My PI was Tony Dickenson and he could not have been a kinder and more supportive individual, to me as a woman and as a mother. So, in many aspects, I’ve been very lucky in terms of the male line managers who’ve supported me as a woman in research.

As a mother and successful scientist, what advice would you give to young women navigating motherhood and a research career?

That’s really simple: Motherhood and family should always come first. It’s about trying to remember that family is the most important thing, and that sometimes things happen and you might find yourself expecting a baby when you haven’t planned it.

There’s never a perfect time – you’ll never feel secure enough in your career, even with a chair, even with a professorship, and you’ll never feel like you’re earning enough money, and if you’re living in a city, you’ll never feel like you’re living in a big-enough house. So, in some ways, if you’ve decided that having children is something you’d like to do, don’t put it off, because there’ll never be a perfect time; that’s life.

What keeps you inspired to continue your work in the lab and your engagement with students, patients and the wider community?
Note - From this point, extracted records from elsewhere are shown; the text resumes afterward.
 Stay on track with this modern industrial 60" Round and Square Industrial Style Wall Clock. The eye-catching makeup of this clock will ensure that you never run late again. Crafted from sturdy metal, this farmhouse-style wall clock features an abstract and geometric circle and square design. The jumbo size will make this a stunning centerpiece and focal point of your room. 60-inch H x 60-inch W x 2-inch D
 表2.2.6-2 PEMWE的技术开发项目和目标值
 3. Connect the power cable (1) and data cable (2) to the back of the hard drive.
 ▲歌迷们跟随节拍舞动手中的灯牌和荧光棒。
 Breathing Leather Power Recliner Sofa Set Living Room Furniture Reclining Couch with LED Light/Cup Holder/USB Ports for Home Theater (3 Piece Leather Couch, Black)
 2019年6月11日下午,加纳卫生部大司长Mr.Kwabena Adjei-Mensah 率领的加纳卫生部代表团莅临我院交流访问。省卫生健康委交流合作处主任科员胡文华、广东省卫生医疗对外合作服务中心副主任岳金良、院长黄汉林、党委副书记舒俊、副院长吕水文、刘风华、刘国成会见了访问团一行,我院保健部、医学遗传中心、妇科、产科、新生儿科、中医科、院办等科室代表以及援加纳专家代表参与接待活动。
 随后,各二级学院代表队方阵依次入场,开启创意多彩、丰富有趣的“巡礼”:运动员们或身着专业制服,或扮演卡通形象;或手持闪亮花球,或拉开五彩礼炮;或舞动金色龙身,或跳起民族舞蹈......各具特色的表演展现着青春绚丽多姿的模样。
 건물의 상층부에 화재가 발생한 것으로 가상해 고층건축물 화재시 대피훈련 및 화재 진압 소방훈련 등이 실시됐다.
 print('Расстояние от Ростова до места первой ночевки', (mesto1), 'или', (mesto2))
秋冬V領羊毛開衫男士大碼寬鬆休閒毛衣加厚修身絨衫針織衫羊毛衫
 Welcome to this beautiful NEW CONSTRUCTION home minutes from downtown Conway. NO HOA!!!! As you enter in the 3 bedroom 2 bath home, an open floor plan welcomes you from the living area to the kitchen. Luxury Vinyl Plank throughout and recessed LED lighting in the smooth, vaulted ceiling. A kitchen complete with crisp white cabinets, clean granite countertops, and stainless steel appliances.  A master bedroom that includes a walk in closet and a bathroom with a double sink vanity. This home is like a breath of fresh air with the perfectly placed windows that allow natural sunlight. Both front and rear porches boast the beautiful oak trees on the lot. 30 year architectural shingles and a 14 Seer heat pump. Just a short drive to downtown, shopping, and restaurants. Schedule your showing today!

What inspires me is the passion I see in those around me doing the work. Whether they are clinicians or any kind of healthcare provider, patient partners, people with lived experience, or preclinical researchers who only do basic science, everyone is invested in a common goal: To help a population of individuals who are living with a chronic disease that is having a huge impact on their quality of life. That passion inspires me to keep going, to innovate, and to make sure my research is up to date and communicated effectively. They keep me wanting to do better every time.